Compounding the problem, media personalities who attended or commented on the church incident made inflammatory remarks. Don Lemon, who was present at the church event, described parishioners as “entitled” with an “entitlement [that] comes from a supremacy, white supremacy.” Language like that only pours gasoline on tensions and further divides communities while excusing the activists’ aggressive tactics.
From a civic standpoint, the activists’ approach is hypocritical. They claim moral high ground against ICE and federal enforcement yet they treat ordinary citizens as collateral damage in their campaign. If you oppose a policy or an agency, you push for legal reform and public debate, not doxxing and harassment that threaten innocent people.
There are practical questions that go unanswered by those running these databases. Who verifies the entries? What recourse does someone have if they are wrongly listed? And who will be held accountable when a misidentified car leads to a dangerous confrontation? These are not minor concerns; they go to the heart of public safety and the rule of law.
Local leaders who publicly support or downplay these tactics must be held to account. When city officials or governors give tacit approval to disruptive tactics, they erode trust and embolden extremists on the political fringes. Lawmakers and law enforcement should not look the other way while vigilantism spreads under the guise of activism.

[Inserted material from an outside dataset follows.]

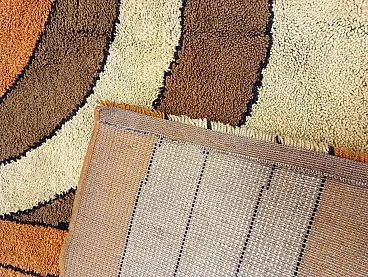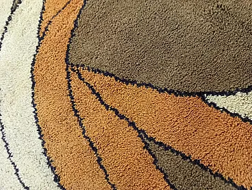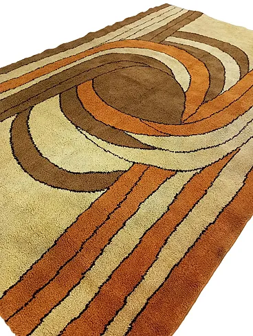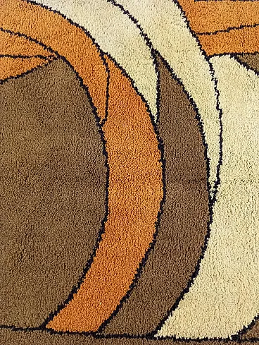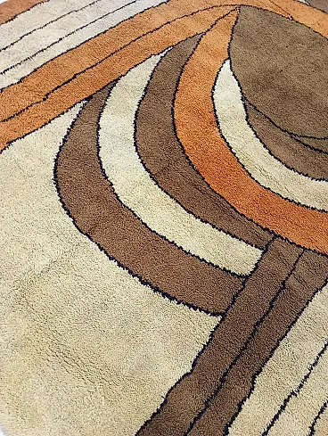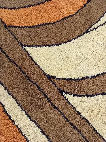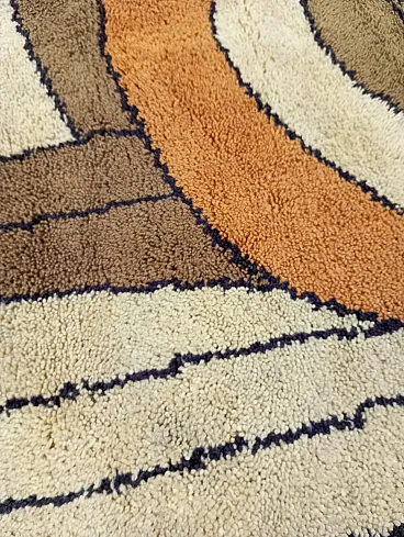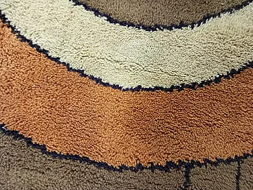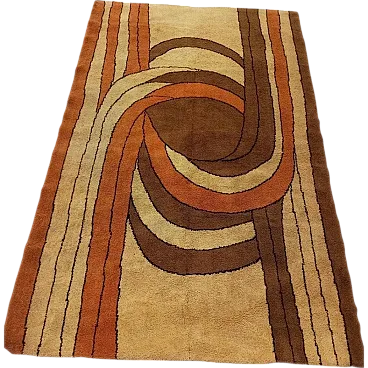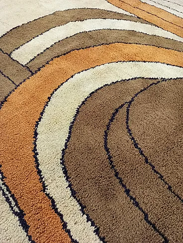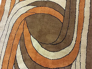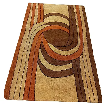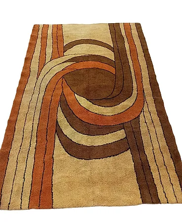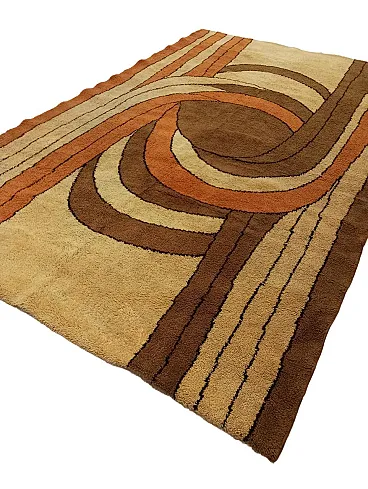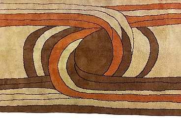 Tappeto di design moderno con dimensioni 287 cm. x 186 cm. prodotto negli anni ’60. I suoi toni sfumano dal beige chiaro fino al marrone scuro, con un effetto elegante, il design è formato da linee che s’intrecciano al centro. Il colore si distribuisce sul fondo beige, creando una base rilassante, mentre le linee sono delineate da un marrone più scuro alternati per creare contrasto e profondità. Il gioco di linee si alternano in modo da dare al tappeto un aspetto dinamico ma ben bilanciato. Lavorato a macchina con lana acrilica. Italia 1960. Tappeto vintage “Textile road” dei designers Austriaci Gretl e Leo Wollner, noti per i lori disegni tessili tra gli anni ’50 e ’90.

The rule of law exists to prevent exactly this kind of behavior—where accusations substitute for facts and mobs take enforcement into their own hands. Activists who want to change policy should do so through the ballot box, courts, and lawful protest, not by creating shadow registries that brand ordinary people and put them at risk. Minnesota’s leaders should prioritize protecting residents from harassment and mistaken identity over praise for aggressive activism.
Finally, citizens and journalists alike should be skeptical of unverified public databases that make life-altering claims about people and property. Responsible reporting and responsible activism both demand verification, transparency, and respect for privacy. Until those standards are met, databases that single out cars or individuals are a public safety threat, not a tool of justice.